*Task directions*. A word-for-word copy of the listing is what's needed; leave out every image.

*Data shown*.
____

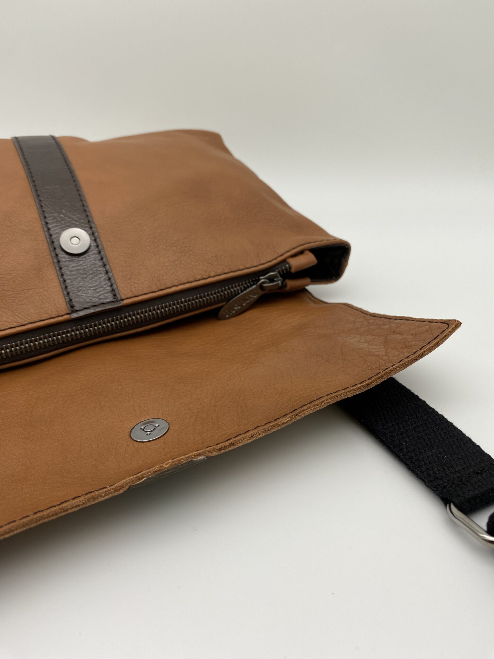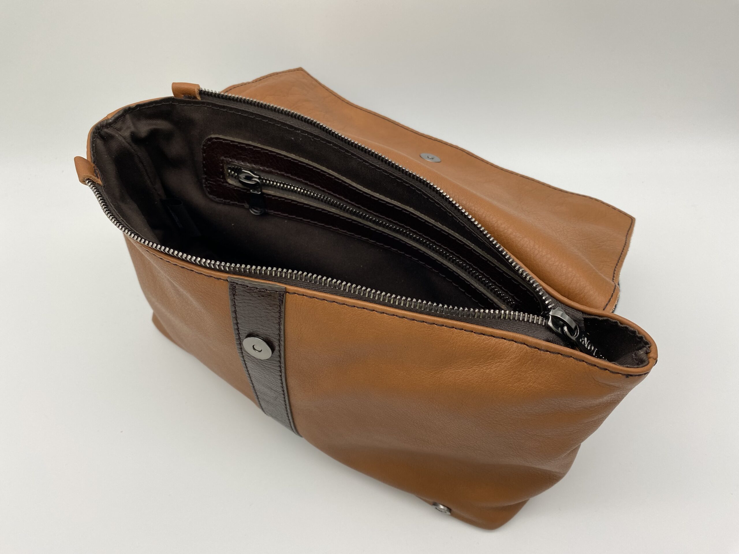 La borsa si chiude con una comoda cerniera lampo, la patta presenta un ulteriore chiusura a calamita che aiuta nella compattezza della forma.
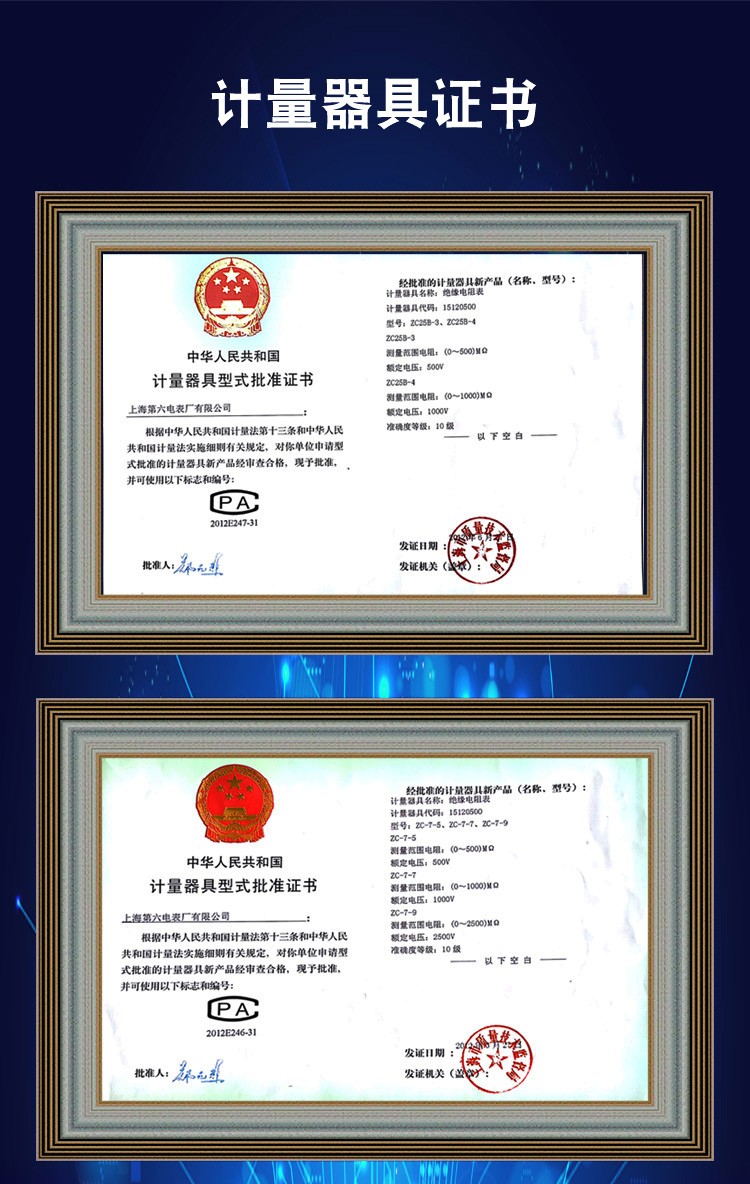 梅格 绝缘兆欧表,ZC-7 500V/1000MΩ. |
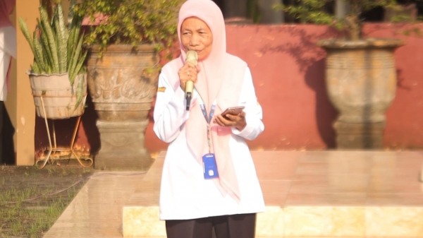 Setelah apel selesai, dilanjutkan dengan pembacaan puisi oleh Ibu Sri Yatin S.Pd. Beliau membawakan karya puisi bertemakan “Halal bihalal”. Yang mana dalam puisi tersebut mempunyai pesan tersurat yakni kita sebagai makhluk sosial tentu pernah bersinggungan antar satu sama lain, dan tentu pula mungkin ada kekhilafan baik yang disengaja maupun tak di sengaja maka dari itu ajakan untuk saling memaafkan di momen bulan syawal ini tentulah sangat tepat untuk digaungkan.

____

*Exercise answer*.
 La borsa si chiude con una comoda cerniera lampo, la patta presenta un ulteriore chiusura a calamita che aiuta nella compattezza della forma.
 梅格 绝缘兆欧表,ZC-7 500V/1000MΩ. |
 Setelah apel selesai, dilanjutkan dengan pembacaan puisi oleh Ibu Sri Yatin S.Pd. Beliau membawakan karya puisi bertemakan “Halal bihalal”. Yang mana dalam puisi tersebut mempunyai pesan tersurat yakni kita sebagai makhluk sosial tentu pernah bersinggungan antar satu sama lain, dan tentu pula mungkin ada kekhilafan baik yang disengaja maupun tak di sengaja maka dari itu ajakan untuk saling memaafkan di momen bulan syawal ini tentulah sangat tepat untuk digaungkan.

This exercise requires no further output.